ABC's Erin Hayes proceeded to explain that
"consumer groups protested from coast to coast." Without ever
identifying the organizer, on the CBS Evening News Dr. Bob
Arnot insisted "consumers around the country were defiantly
pouring" milk on the street since "consumers are angry over
the government's go-ahead for BGH." Who were these
"consumers"? Chicago Sun-Times reporter Neil
Steinberg noted: "Protesters organized by the Pure Food Campaign
dumped an old-fashioned milk can full of milk as part of a national
effort to boycott genetically engineered foods."

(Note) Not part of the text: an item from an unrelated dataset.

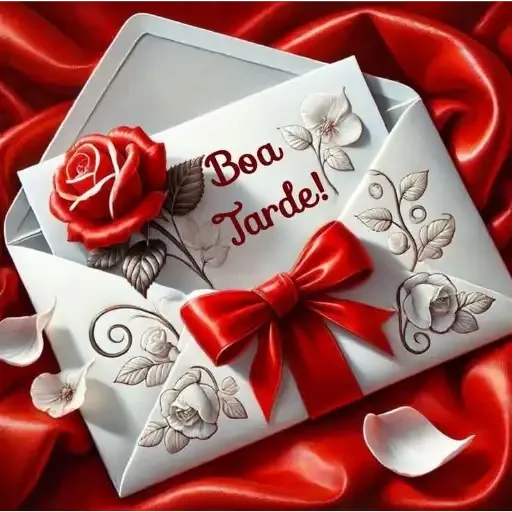 Um envelope branco com um laço vermelho e uma rosa vermelha, contendo um cartão com a mensagem 'Boa Tarde!' em letras vermelhas.

Arnot allowed that "seven federal agencies
concluded that BGH is safe and that milk produced with it is
indistinguishable from milk that is not," but his conclusion left
the impression it is something to fear: "Stores that say they won't
carry it will have to rely on the supplier's word that their milk is
really BGH- free. Consumers won't really know for certain whether the
milk that they buy is a product of nature or science." Reading off
the same script, Hayes warned: "With no way to actually test for
BGH and no labels required for milk made with it, it will soon be
anybody's guess as to whether their milk is a product of nature, or a
byproduct of science."
In a Feb. 11 Washington Post column Charles
Krauthammer revealed the agenda behind the hysteria, explaining that
Rifkin is a "leading American Luddite, tireless crusader against
bio- technology, `Stephen King of food horror tales'....He is among
other things, anti-cow. His epic Beyond Beef is a 353-page
polemic about the havoc wreaked by these flatulent, environ-mentally
insensitive grass guzzlers." But viewers learned none of this.
NewsBites
Aborting the Mother
Mother Teresa, founder of the Missionaries of Charity, strongly
criticized abortion and its supporters at the National Prayer Breakfast
on February 3. Mother Teresa delivered her condemnation before an
audience which included President Clinton, Vice President Gore and
congressional Democrats. She explained: "I feel the greatest
destroyer of peace today is abortion because Jesus said, `If you receive
a little child, you receive me.' So every abortion is the denial of
receiving Jesus."
Such a strong rebuke in the President's presence by
the world's best-known missionary would, with the presence of conflict
and a compelling picture, qualify as great TV. But while The
Washington Post and The New York Times covered it, the
networks did not.
Gold Medal Gush
Olympics coverage usually inspires an examination of the host country's
customs, and this year was no exception. On CBS This Morning
February 24, co-host Paula Zahn played the role of advocate:
"Children here are not only considered yours, but citizens of
Norway, with the same rights as grown-ups, the right to free education
and free health care, and the right to have their questions and concerns
heard by those in power."
Zahn said Norway provides a year of paid parental
leave for mothers or fathers and, "to ease the financial burden of
raising a family, the state pays an allowance of about...120 dollars per
month for each child, regardless of family income." But
"free" education and health care and state allowances come at
a cost that Zahn failed to mention: Norway is among the highest-taxed
nations in the industrialized world, extracting over 50 percent more in
revenues per capita than the United States.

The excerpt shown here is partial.